Feb 14 2007
The hard drive stolen from the Birmingham VA Medical Center may have contained personal information on 535,000 people - 10 times the number VA originally estimated, The Birmingham News relates.
The hard drive also may have included data, not all of it sensitive, on about 1.3 million non-VA physicians, both living and dead, Secretary of Veterans Affairs Jim Nicholson said in a statement.
Sen. Richard Shelby was "outraged" by the discrepency in the figures. He said he hoped "it was not meant to mislead the public.
"It is obvious that this incident is much deeper and broader than first announced," he said. "The records of our veterans should be protected at all costs, and the VA must take immediate measures to alleviate this problem and ensure it never happens again."
A continuing concern is the lack of encryption of VA data. Officials said some but not all of the data was encrypted. Rep. Spencer Bachus questioned why the data was not all encrypted.
"It is a continuing source of astonishment and concern that despite numerous VA data breaches, VA records were being stored without encryption," he said. "Encryption of records is an established and routine practice. To have not taken that routine step is bewildering."
The VA is making arrangements to provide one year of free credit report monitoring to people if their personal information is compromised - an offer that outraged ZDNet reader and US Navy vet Michael Baggett. He wrote:
I know that with all of the advancements made in the technological environment have made security a priority, but I think that "providing" the effected veterans one year of free credit protection is absurd. The veterans of this country, including myself, were and always will be willing to forfeit our own lives to protect the well-being of our nation.

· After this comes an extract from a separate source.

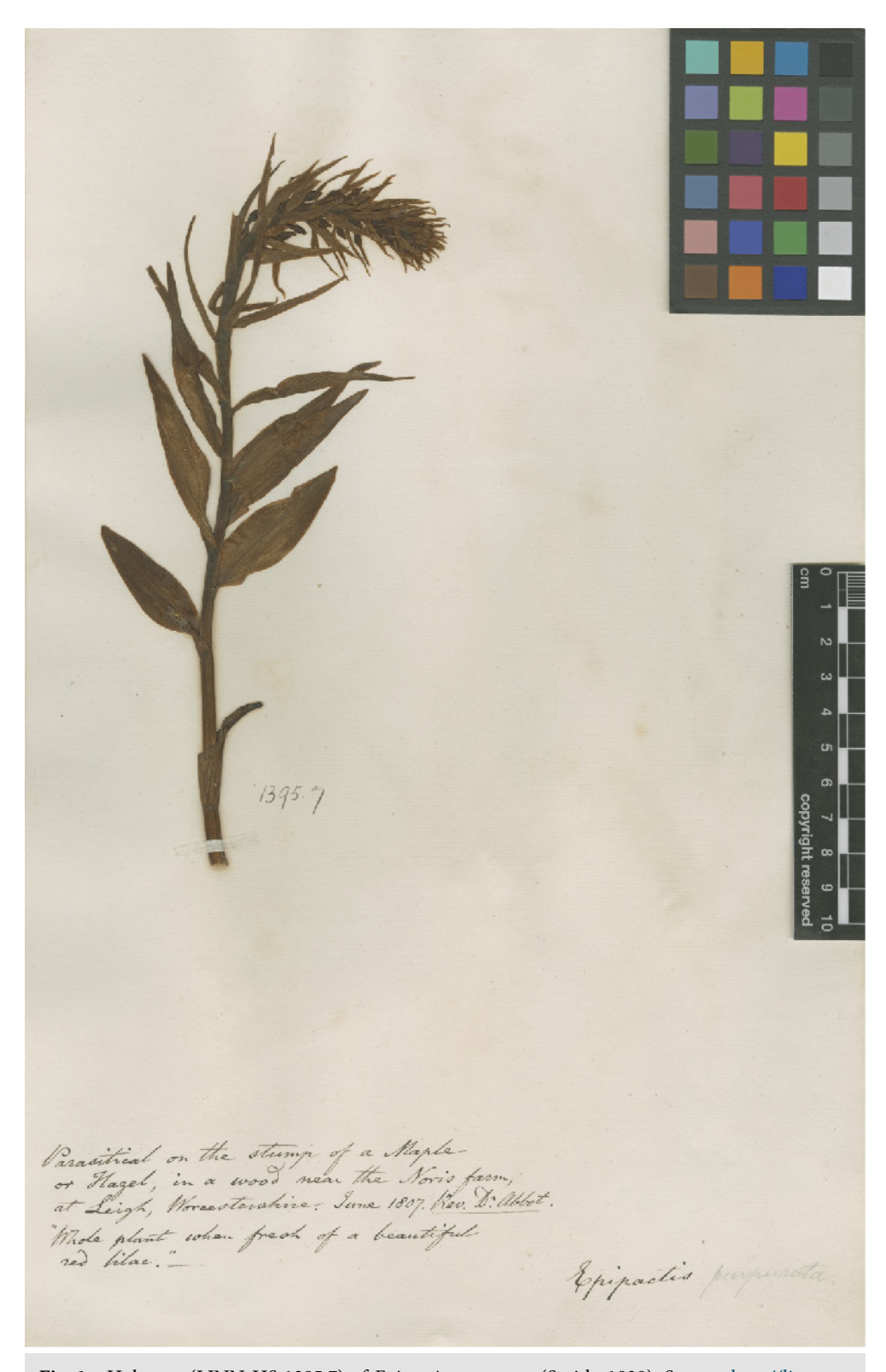
\textbf{Fig. 1} \quad \text{Holotype (LINN-HS 1395.7) of } \textit{Epipactis purpurata (Smith, 1828)}. \textit{ Source: http://linnean-online.org/40493/}

In light of the multiple security breaches encountered by the Veterans Administration, "providing one year of credit protection" is as minute of compensation as adding one grain of sand to an eroding beach. This is what our country has to offer in exchange for our offering of our lives? With the “protection offer” now in print, are the hackers idiotic enough to use the information prior to the one-year lapse? Are we (the veterans) all going to be issued new Social Security numbers, military ID numbers and so on? I know the answers are all an unequivocal “No”. I am a Vietnam Veteran and coming home after 4 years of service was no treat. We were in it for the long haul; is America?